ENTRIES SUPPLIED
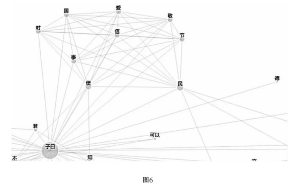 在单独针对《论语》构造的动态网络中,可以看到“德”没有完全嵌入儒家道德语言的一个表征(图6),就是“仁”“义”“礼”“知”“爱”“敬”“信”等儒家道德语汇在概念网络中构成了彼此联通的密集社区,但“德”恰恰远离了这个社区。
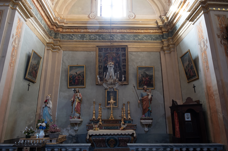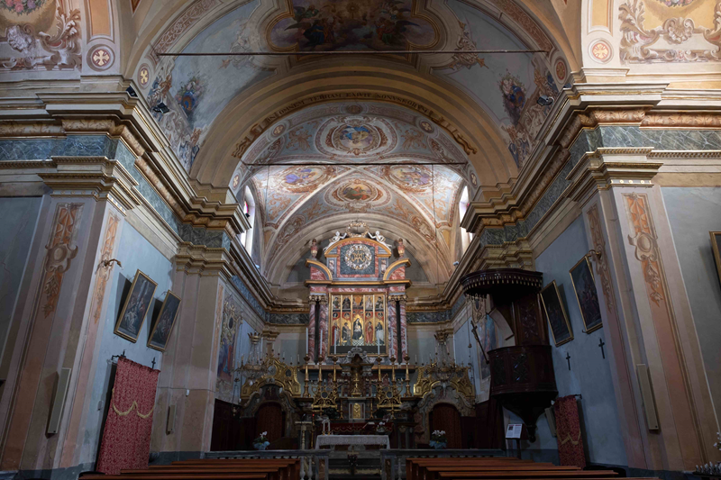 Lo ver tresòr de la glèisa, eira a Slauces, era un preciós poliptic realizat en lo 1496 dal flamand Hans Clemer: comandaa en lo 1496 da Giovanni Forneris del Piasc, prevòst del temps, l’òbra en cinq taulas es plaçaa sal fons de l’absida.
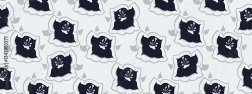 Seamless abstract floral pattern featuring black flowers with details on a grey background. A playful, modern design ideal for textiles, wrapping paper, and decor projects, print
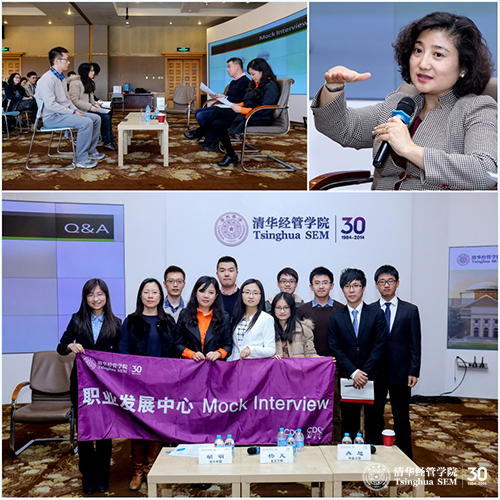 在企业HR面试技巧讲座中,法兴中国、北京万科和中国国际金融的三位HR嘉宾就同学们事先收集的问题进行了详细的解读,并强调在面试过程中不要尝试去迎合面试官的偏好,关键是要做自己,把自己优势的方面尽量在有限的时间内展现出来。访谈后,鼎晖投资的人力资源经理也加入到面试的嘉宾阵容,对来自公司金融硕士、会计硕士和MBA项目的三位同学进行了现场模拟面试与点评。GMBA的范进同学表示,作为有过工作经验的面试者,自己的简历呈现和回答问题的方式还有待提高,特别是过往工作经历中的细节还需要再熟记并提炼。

* * *

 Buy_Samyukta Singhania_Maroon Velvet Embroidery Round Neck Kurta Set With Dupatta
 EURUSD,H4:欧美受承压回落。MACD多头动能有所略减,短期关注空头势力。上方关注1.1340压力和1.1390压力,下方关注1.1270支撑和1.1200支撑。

ACTION ITEM
For the material above, reproduce exactly the lines from the line with "Buy_Samyukta Singhania_Maroon Velvet" to the line with "EURUSD,H4:欧美受承", inclusive, and exclude all others.

TASK OUTPUT
 Buy_Samyukta Singhania_Maroon Velvet Embroidery Round Neck Kurta Set With Dupatta
 EURUSD,H4:欧美受承压回落。MACD多头动能有所略减,短期关注空头势力。上方关注1.1340压力和1.1390压力,下方关注1.1270支撑和1.1200支撑。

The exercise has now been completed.